Fond of Group Holding GmbH
- Trade name: FOND OF
- Formerly: Fond of Bags
- Type: GmbH
- Industry: Textile industry
- Founded: 2010; 16 years ago
- Founders: Sven-Oliver Pink, Florian Michajlezko, Dr. Oliver Steinki, Juliaan Cazin
- Headquarters: Cologne, Germany
- Area served: Worldwide
- Products: Backpacks, Bags, and shoes
- Number of employees: 300 (2016)
- Website: www.fondof.de

= Fond of Group =

German manufacturing company

Fond of Group, marketed as FOND OF, is a German manufacturer of sustainable, ergonomic backpacks, minimal shoes, baby products and bikes. The startup company was founded by Sven-Oliver Pink, Florian Michajlezko, Dr. Oliver Steinki and Juliaan Cazin in 2010 and is based in Cologne.

==History==
Fond of Group Holding GmbH, initially founded as ergobag GmbH, launched its first product in 2010: an ergonomic, sustainable backpack for primary school children called ergobag. In the past years, six additional brands were added to their product portfolio, out of which at least two (Offermann and Salzen) have been discontinued.
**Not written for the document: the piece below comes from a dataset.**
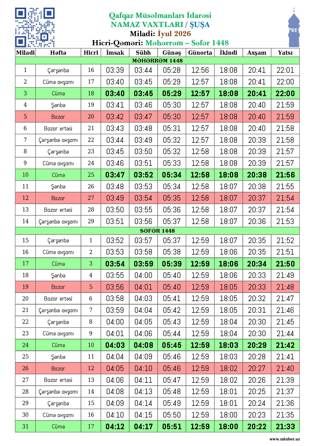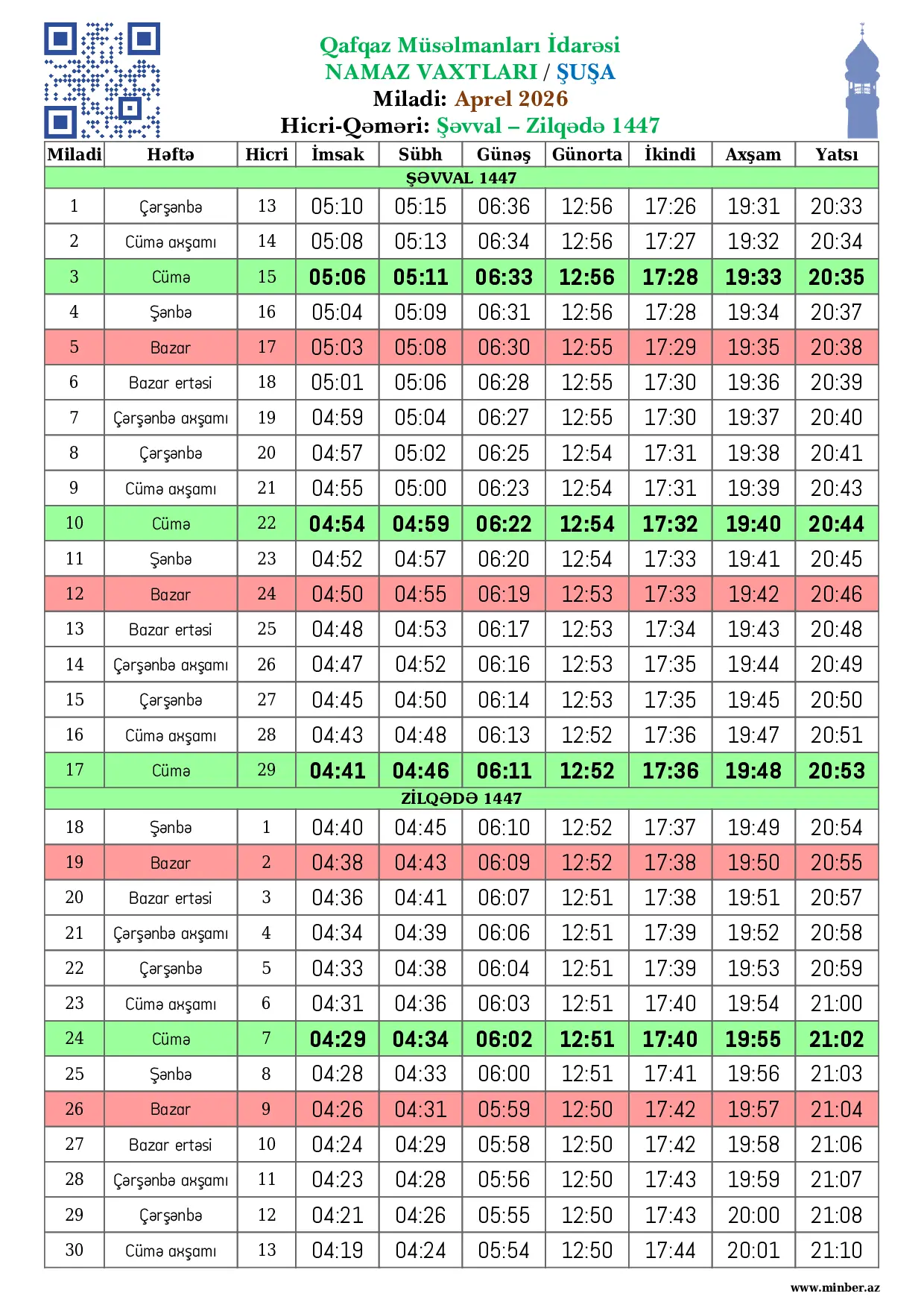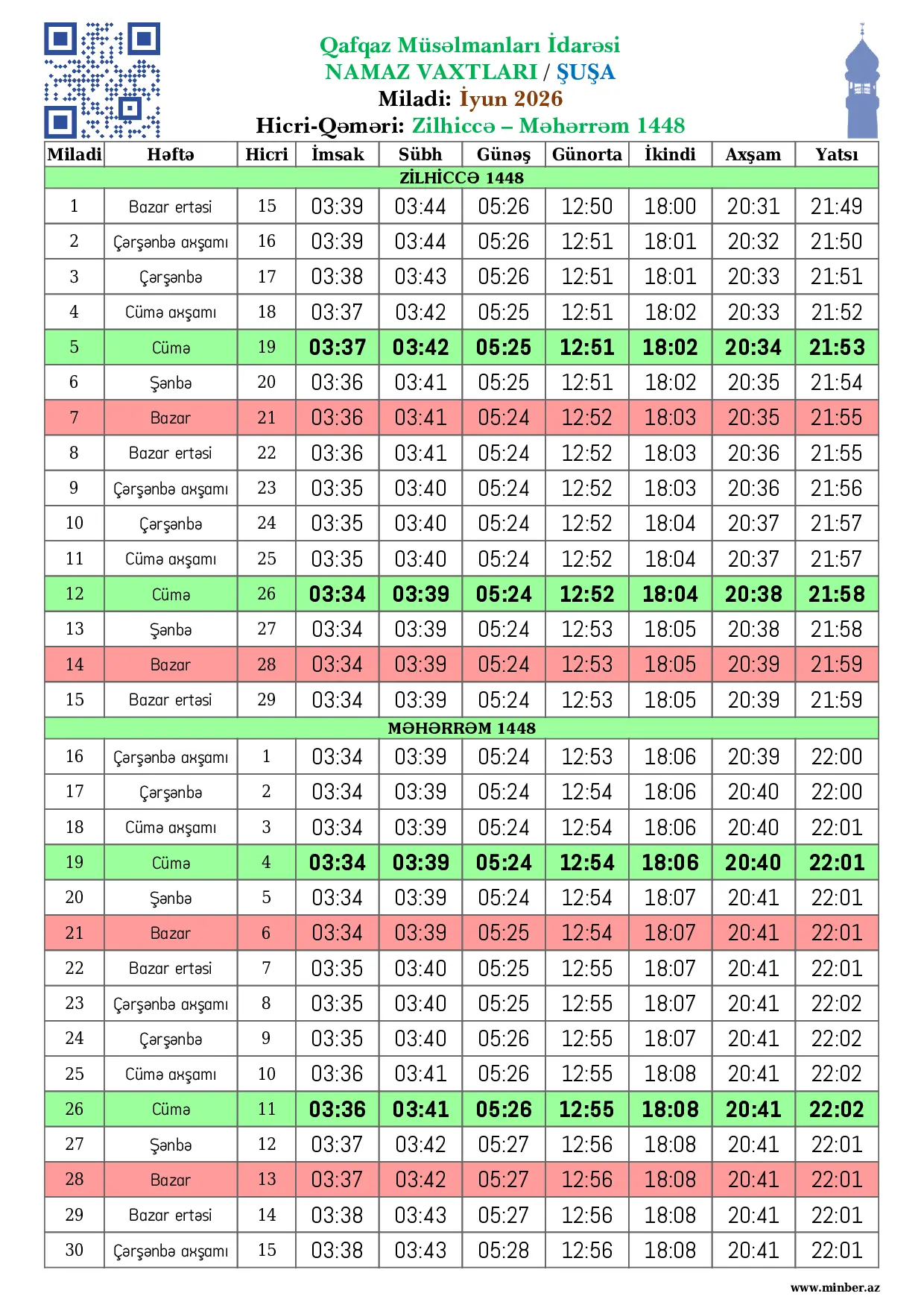 Miladi Həftə Hicri İmsak Sübh namazı Günəş Günorta namazı İkindi namazı Axşam namazı Yatsı namazı

By 2024, Fond of Group had five active brands: Affenzahn, ergobag, satch, AEVOR and pinqponq, generating revenues in excess of 120 Mio EUR. This extension in the brand and product portfolio led to a change in company name to Fond of Bags and then to FOND OF as other product categories such as shoes were added. By 2024, it had approximately 300 employees and distributed its products in more than 35 countries worldwide.

==Products==
The fond of Group portfolio contains five brands:
- Affenzahn
- Ergobag
- Satch
- AEVOR
- pinqponq

All of these individual adaptable products are produced substantially, using Polyethylene terephthalate, i.e. Polyester made of recycled PET bottles.

== Recognition ==
- 2011 Red Dot Design Award
- 2012 Germany Land of Ideas; enable2start Business Plan Competition Winner
- 2013 Red Dot Design Award
- 2015 German Design Award for brand satch; Beste neue Marke for ergobag
- 2016 German Sustainability Award
- 2016 German CSR Award
- 2017 German Entrepreneur Award

== Controversies ==
In August 2021 the German Federal Cartel Office (Bundeskartellamt) imposed a fine of 2 million euros on Fond Of for illegal practices of vertical price fixing. The company was accused to have "restricted the pricing of school bags and school backpacks sold by retailers cooperating with the company" according to the authority.